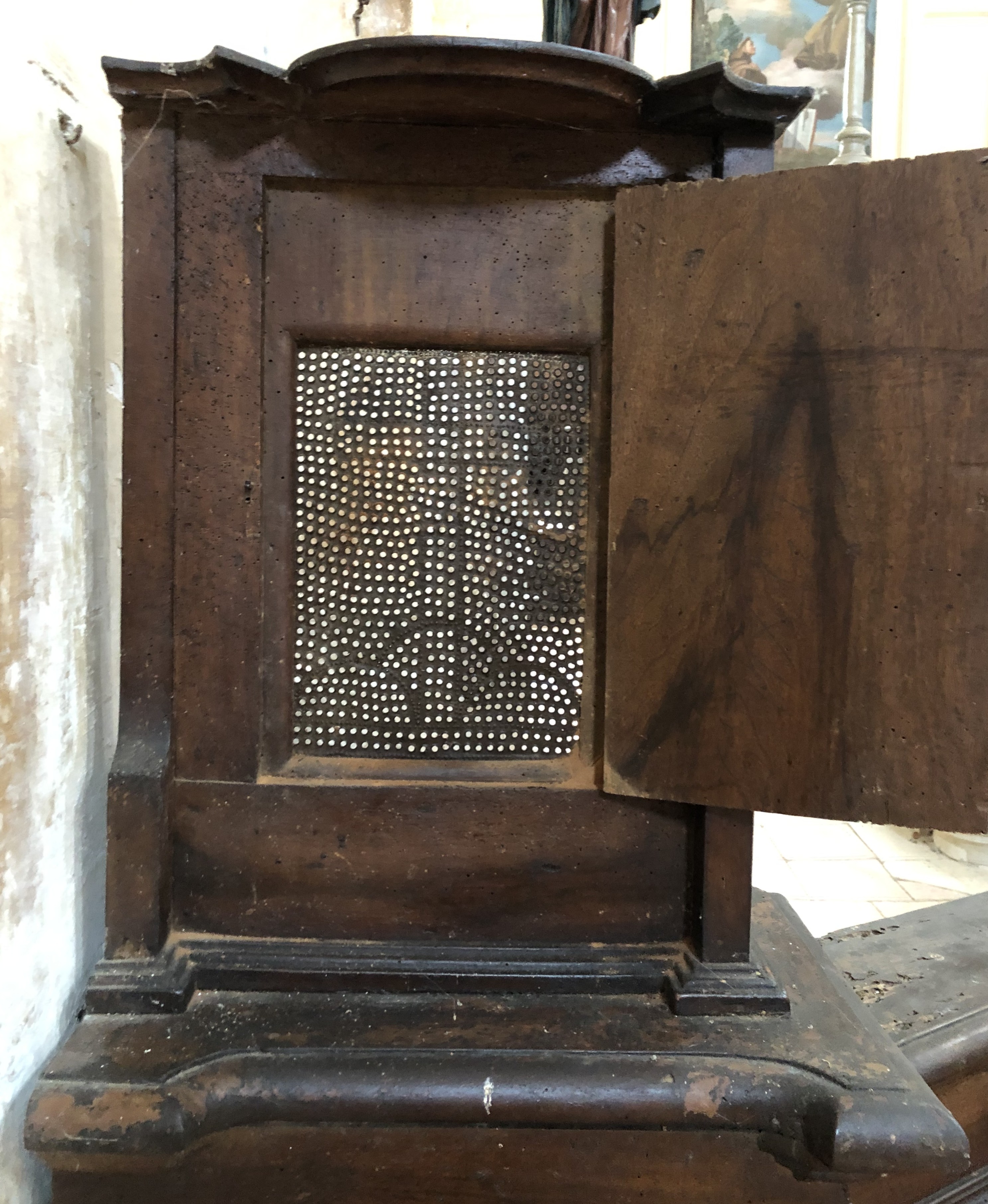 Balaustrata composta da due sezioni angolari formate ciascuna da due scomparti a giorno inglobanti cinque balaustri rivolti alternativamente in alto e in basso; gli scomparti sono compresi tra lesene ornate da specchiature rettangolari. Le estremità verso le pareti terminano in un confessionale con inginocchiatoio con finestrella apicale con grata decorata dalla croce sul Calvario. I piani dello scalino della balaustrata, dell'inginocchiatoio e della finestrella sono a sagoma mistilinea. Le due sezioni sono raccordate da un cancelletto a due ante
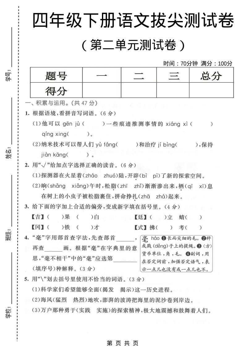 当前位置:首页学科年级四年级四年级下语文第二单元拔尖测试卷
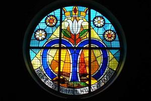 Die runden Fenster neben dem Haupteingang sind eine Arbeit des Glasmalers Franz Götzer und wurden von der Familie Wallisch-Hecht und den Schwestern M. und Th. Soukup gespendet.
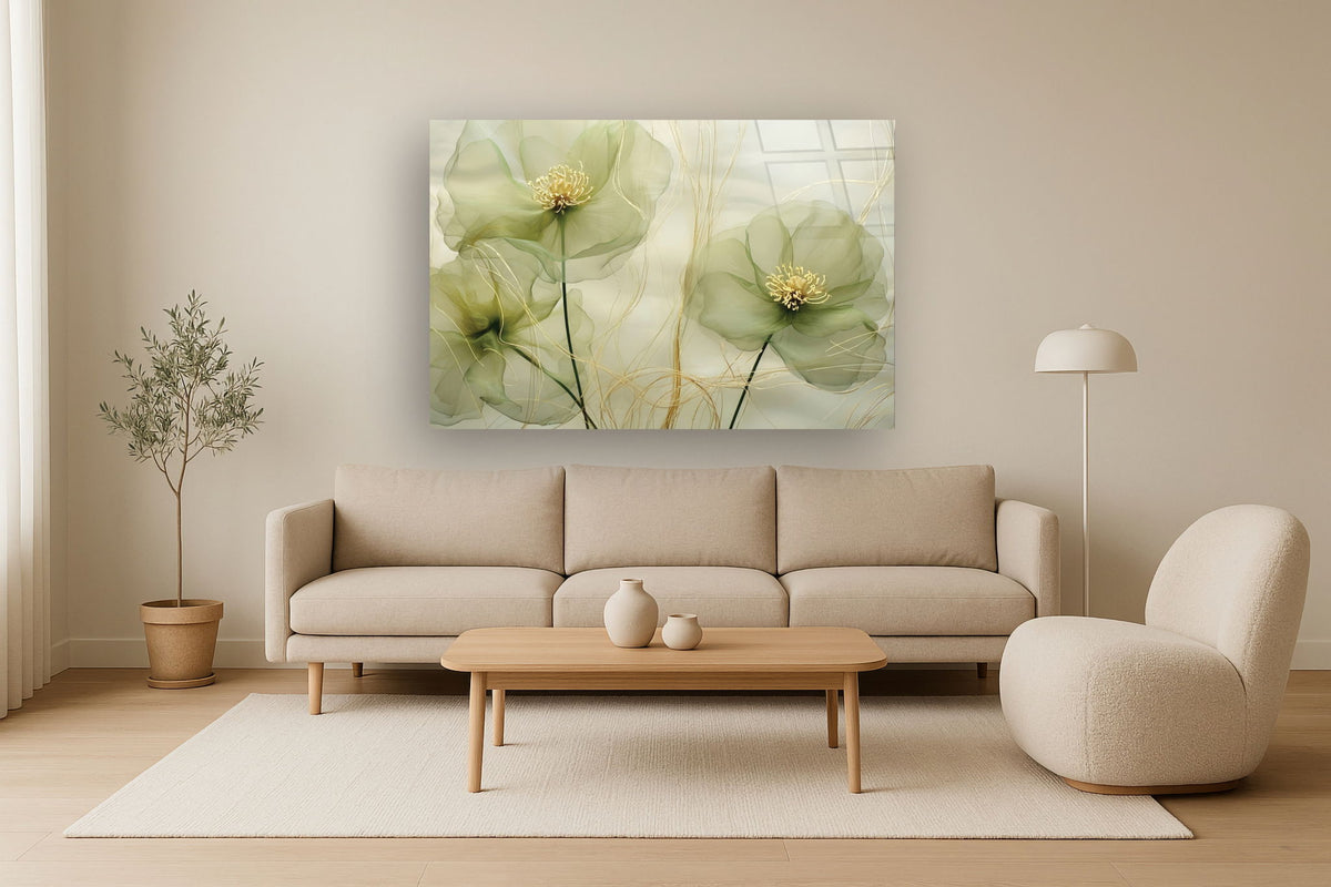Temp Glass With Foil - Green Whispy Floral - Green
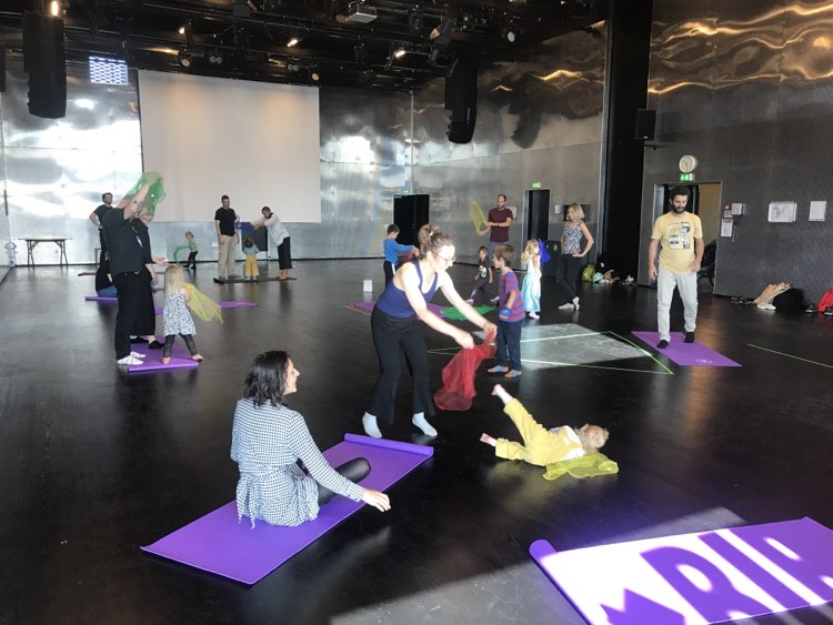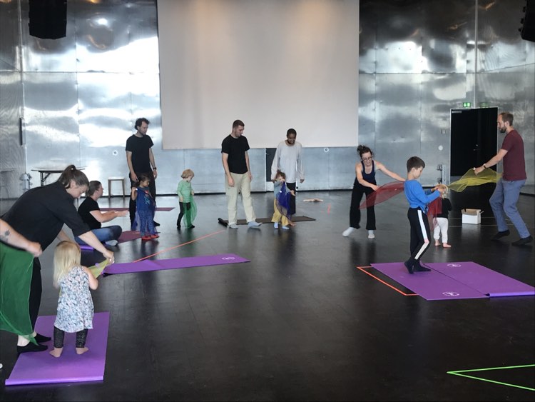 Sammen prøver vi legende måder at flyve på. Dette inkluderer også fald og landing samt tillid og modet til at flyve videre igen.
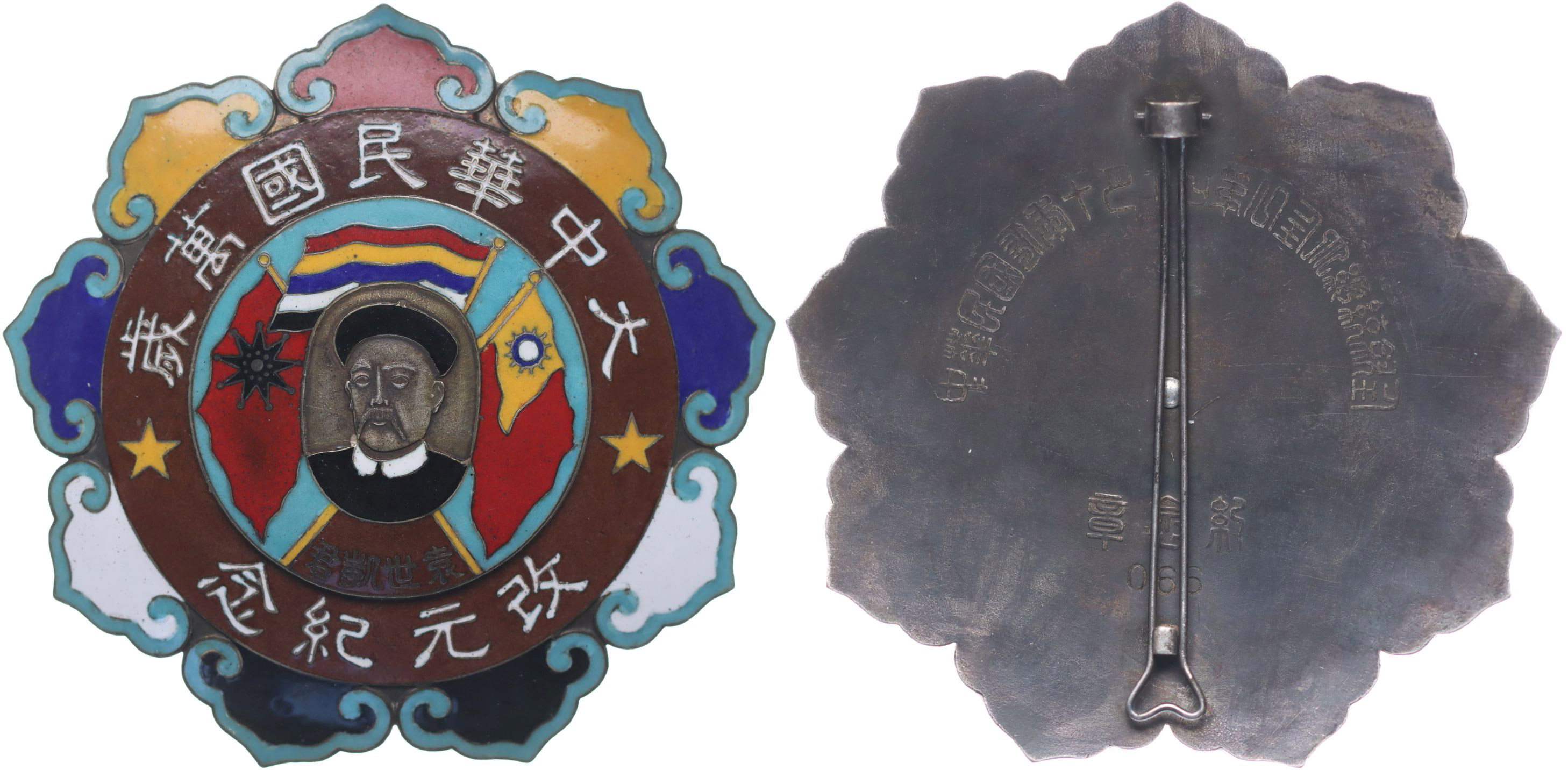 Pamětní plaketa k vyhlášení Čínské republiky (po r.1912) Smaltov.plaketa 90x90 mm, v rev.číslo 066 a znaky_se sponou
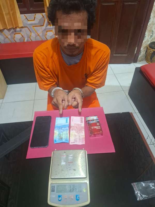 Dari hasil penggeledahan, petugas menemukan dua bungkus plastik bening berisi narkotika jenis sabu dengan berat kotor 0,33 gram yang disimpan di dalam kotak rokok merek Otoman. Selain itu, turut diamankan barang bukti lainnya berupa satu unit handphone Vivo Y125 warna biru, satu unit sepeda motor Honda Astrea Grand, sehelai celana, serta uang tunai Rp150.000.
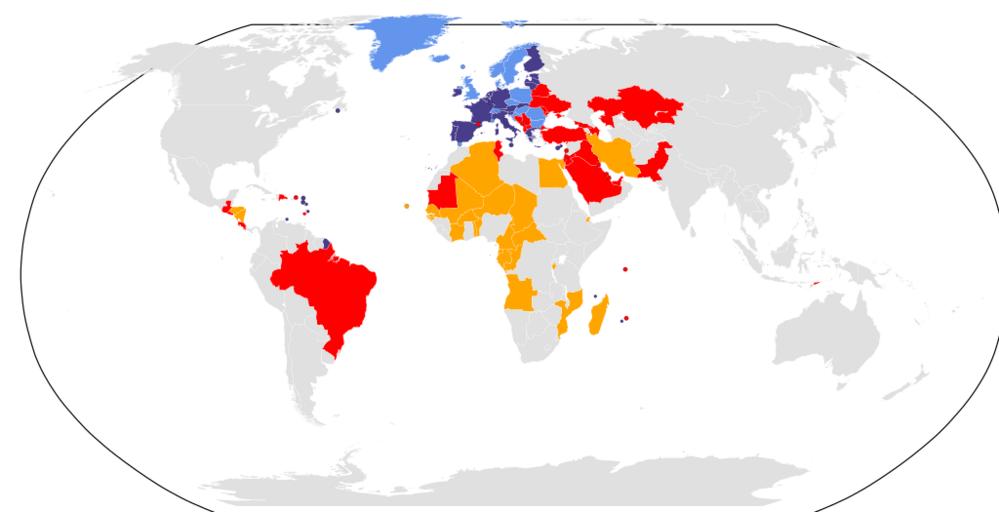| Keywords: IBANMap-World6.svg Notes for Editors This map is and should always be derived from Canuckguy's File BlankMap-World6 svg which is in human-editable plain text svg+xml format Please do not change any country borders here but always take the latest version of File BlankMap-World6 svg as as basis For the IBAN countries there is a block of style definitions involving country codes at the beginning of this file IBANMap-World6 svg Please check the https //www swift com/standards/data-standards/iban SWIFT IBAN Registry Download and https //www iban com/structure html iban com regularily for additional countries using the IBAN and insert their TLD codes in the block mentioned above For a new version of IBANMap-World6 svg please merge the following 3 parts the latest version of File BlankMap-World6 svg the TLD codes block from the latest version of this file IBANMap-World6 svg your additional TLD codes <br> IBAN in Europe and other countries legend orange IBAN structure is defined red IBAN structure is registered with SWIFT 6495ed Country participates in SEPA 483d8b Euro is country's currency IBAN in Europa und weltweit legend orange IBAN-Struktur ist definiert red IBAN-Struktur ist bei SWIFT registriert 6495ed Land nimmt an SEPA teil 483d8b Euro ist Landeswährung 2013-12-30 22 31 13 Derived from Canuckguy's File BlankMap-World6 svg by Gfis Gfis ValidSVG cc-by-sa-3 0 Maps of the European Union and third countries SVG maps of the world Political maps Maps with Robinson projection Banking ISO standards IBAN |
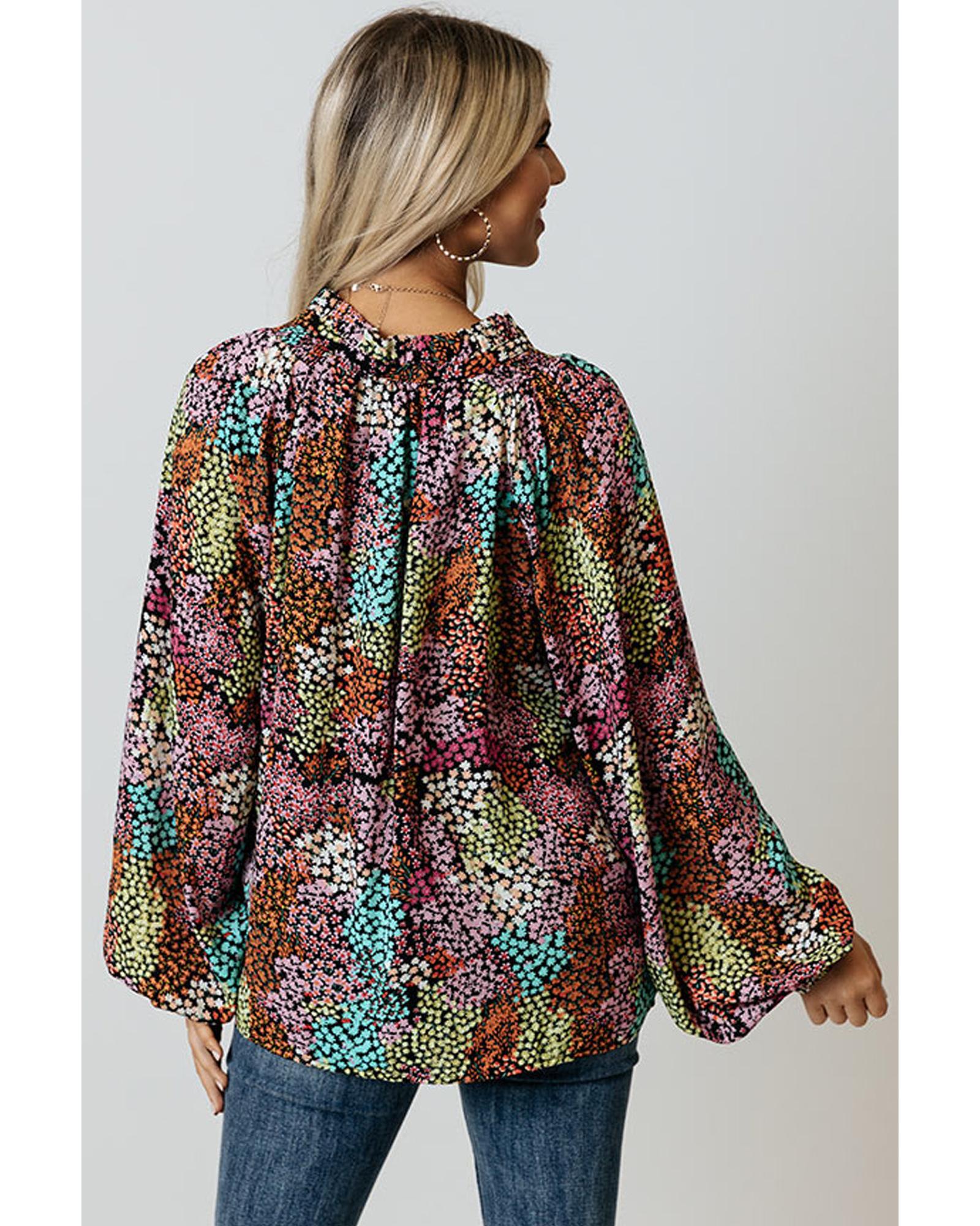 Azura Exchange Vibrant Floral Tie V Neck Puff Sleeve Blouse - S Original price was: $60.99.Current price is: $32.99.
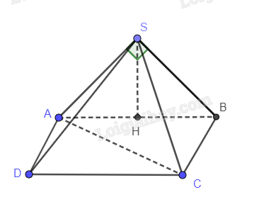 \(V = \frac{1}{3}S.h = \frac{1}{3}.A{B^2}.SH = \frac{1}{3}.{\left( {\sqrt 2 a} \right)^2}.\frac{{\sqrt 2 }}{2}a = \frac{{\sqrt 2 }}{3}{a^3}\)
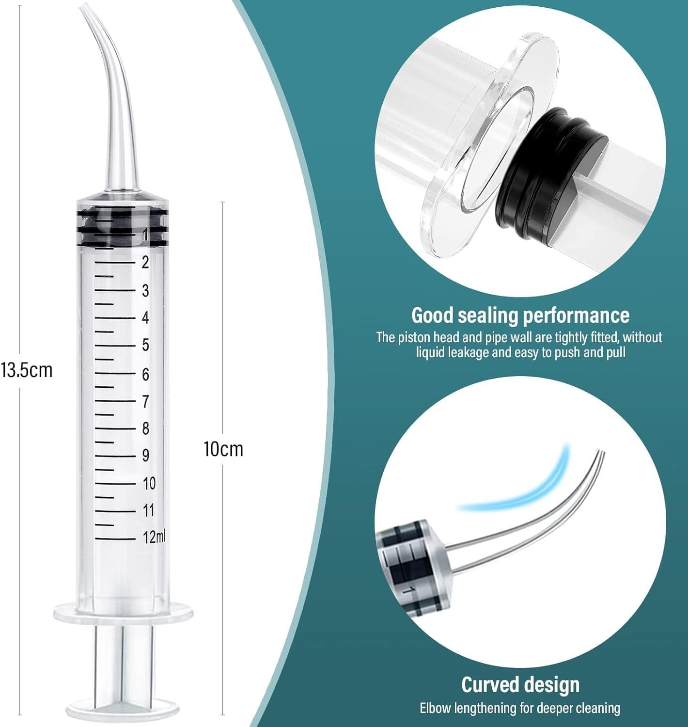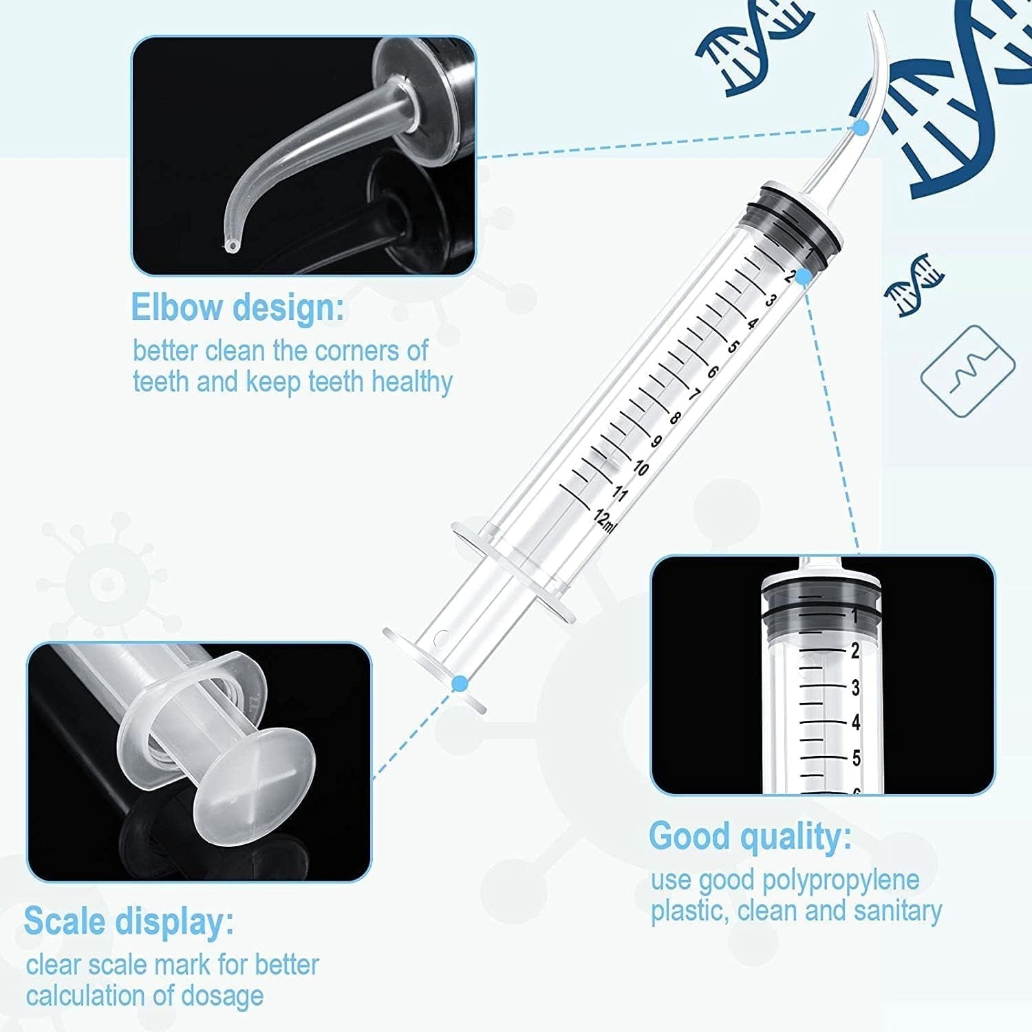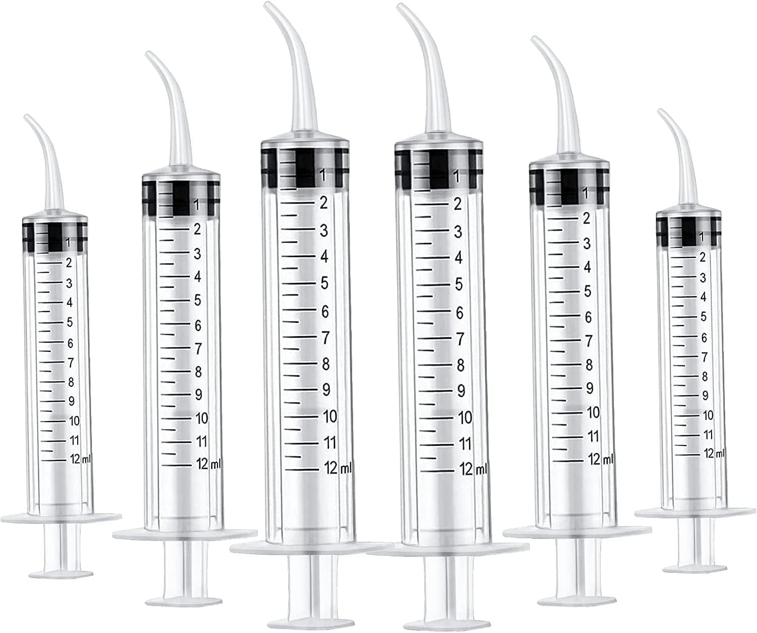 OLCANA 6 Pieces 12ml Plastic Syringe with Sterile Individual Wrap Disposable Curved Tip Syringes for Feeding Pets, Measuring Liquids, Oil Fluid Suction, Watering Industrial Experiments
* * * * * * * * *
● The problem:
The records are to be returned verbatim. Skip any picture they contain.

● Completed task:
 Balaustrata composta da due sezioni angolari formate ciascuna da due scomparti a giorno inglobanti cinque balaustri rivolti alternativamente in alto e in basso; gli scomparti sono compresi tra lesene ornate da specchiature rettangolari. Le estremità verso le pareti terminano in un confessionale con inginocchiatoio con finestrella apicale con grata decorata dalla croce sul Calvario. I piani dello scalino della balaustrata, dell'inginocchiatoio e della finestrella sono a sagoma mistilinea. Le due sezioni sono raccordate da un cancelletto a due ante
 当前位置:首页学科年级四年级四年级下语文第二单元拔尖测试卷
 Die runden Fenster neben dem Haupteingang sind eine Arbeit des Glasmalers Franz Götzer und wurden von der Familie Wallisch-Hecht und den Schwestern M. und Th. Soukup gespendet.
Temp Glass With Foil - Green Whispy Floral - Green
 Sammen prøver vi legende måder at flyve på. Dette inkluderer også fald og landing samt tillid og modet til at flyve videre igen.
 Pamětní plaketa k vyhlášení Čínské republiky (po r.1912) Smaltov.plaketa 90x90 mm, v rev.číslo 066 a znaky_se sponou
 Dari hasil penggeledahan, petugas menemukan dua bungkus plastik bening berisi narkotika jenis sabu dengan berat kotor 0,33 gram yang disimpan di dalam kotak rokok merek Otoman. Selain itu, turut diamankan barang bukti lainnya berupa satu unit handphone Vivo Y125 warna biru, satu unit sepeda motor Honda Astrea Grand, sehelai celana, serta uang tunai Rp150.000.
| Keywords: IBANMap-World6.svg Notes for Editors This map is and should always be derived from Canuckguy's File BlankMap-World6 svg which is in human-editable plain text svg+xml format Please do not change any country borders here but always take the latest version of File BlankMap-World6 svg as as basis For the IBAN countries there is a block of style definitions involving country codes at the beginning of this file IBANMap-World6 svg Please check the https //www swift com/standards/data-standards/iban SWIFT IBAN Registry Download and https //www iban com/structure html iban com regularily for additional countries using the IBAN and insert their TLD codes in the block mentioned above For a new version of IBANMap-World6 svg please merge the following 3 parts the latest version of File BlankMap-World6 svg the TLD codes block from the latest version of this file IBANMap-World6 svg your additional TLD codes <br> IBAN in Europe and other countries legend orange IBAN structure is defined red IBAN structure is registered with SWIFT 6495ed Country participates in SEPA 483d8b Euro is country's currency IBAN in Europa und weltweit legend orange IBAN-Struktur ist definiert red IBAN-Struktur ist bei SWIFT registriert 6495ed Land nimmt an SEPA teil 483d8b Euro ist Landeswährung 2013-12-30 22 31 13 Derived from Canuckguy's File BlankMap-World6 svg by Gfis Gfis ValidSVG cc-by-sa-3 0 Maps of the European Union and third countries SVG maps of the world Political maps Maps with Robinson projection Banking ISO standards IBAN |
 Azura Exchange Vibrant Floral Tie V Neck Puff Sleeve Blouse - S Original price was: $60.99.Current price is: $32.99.
 \(V = \frac{1}{3}S.h = \frac{1}{3}.A{B^2}.SH = \frac{1}{3}.{\left( {\sqrt 2 a} \right)^2}.\frac{{\sqrt 2 }}{2}a = \frac{{\sqrt 2 }}{3}{a^3}\)
 OLCANA 6 Pieces 12ml Plastic Syringe with Sterile Individual Wrap Disposable Curved Tip Syringes for Feeding Pets, Measuring Liquids, Oil Fluid Suction, Watering Industrial Experiments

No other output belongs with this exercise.